I woke up this morning, as I do most mornings, in my comfortable, warm bed. My husband of fifty years slept beside me. We were safe in our warm, quiet house house. The only difference was that this morning I was acutely aware of the blessing of having a home and family.

This week our church is participating in a program run by the county social service department called Warm Nights. During the cold months various churches in our town volunteer to turn their building into a shelter for a week. This is our week. Last night my ladies' circle prepared dinner for our guests. About six PM our guests began to arrive. They were pretty ordinary looking folks. You probably would not identify them as homeless if you passed them on the street. Some of them work during the day. The children attend school. Some have mental problems that make working impossible for them. The folks I visited with were friendly people who were profoundly grateful for a safe place to sleep and some food to eat. They are nice people who have hit a hard place in life. We had prepared a meal of meat-loaf, potatoes and collard greens, with sweet potato pie for dessert. The greens were the big hit of the evening. The pot was licked clean.
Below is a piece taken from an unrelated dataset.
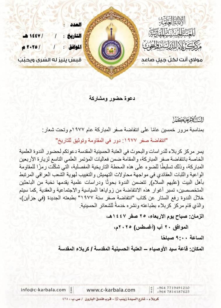 عنوانُ السِّفرِ [إِنتفاضةُ النَّجَفُ الأَشرفِ الصَّفَريَّةِ] والذي صدرَ بطبعةٍ جديدةٍ هذا العام في الذِّكرى الخمسين للإِنتفاضةِ عن [مَركز كربلاء للدِّراساتِ والبحوثِ] في العتبةِ الحُسينيَّةِ المُقدَّسةِ والذي يُقيمُ [المركز] بهذِهِ المُناسبةِ ندوةً بعنوانِ [إِنتفاضةُ صفَر ١٩٧٧… دورٌ في المُقاومةِ وتَوثيقٌ للتَّاريخِ] يَوم الأَربعاء [٢٥ صفَر ١٤٤٧ هـ المُوافق ٢٠ آب (أُغسطُس) ٢٠٢٥ م السَّاعة [٩] صباحاً على قاعةِ سيِّد الأَوصياء في العتبةِ الحُسينيَّةُ المُقدَّسةِ.

After dinner some went to take a shower, some visited and shared events of the day, some watched the TV. One man had a sewing kit and was mending clothes for others. A few curled up and their cots and went to sleep. For this week our fellowship hall was home, and they were glad to be there.

This morning other church folks fed them breakfast and sent them out for the day with a bag lunch prepared by another group of church folks. They have to be out and gone for the day about six AM. Tonight they will return. Sunday morning they will move on to the next shelter for the week.

I am grateful for the work of the county and it's churches in helping these people. I am grateful that I was able to be part of the effort to keep these needy people safe, warm and fed.

I am just overwhelming grateful for my life today.

Our church fellowship hall as a shelter from life's storms.

2 comments:

FoxyMoron said...

I am in tears reading this, I just wrote a post whingeing about MY life and I have nothing to worry about at all, my children and I have a safe, comfortable home and beds.
Good on you for doing this work.

Middle Child said...

"I woke up this morning, as I do most mornings, in my comfortable, warm bed. My husband of fifty years slept beside me. We were safe in our warm, quiet house house. The only difference was that this morning I was acutely aware of the blessing of having a home and family."

we were like this. We actually loved enough to appreciate the sacredness of what we had while we had it. Miss that so much.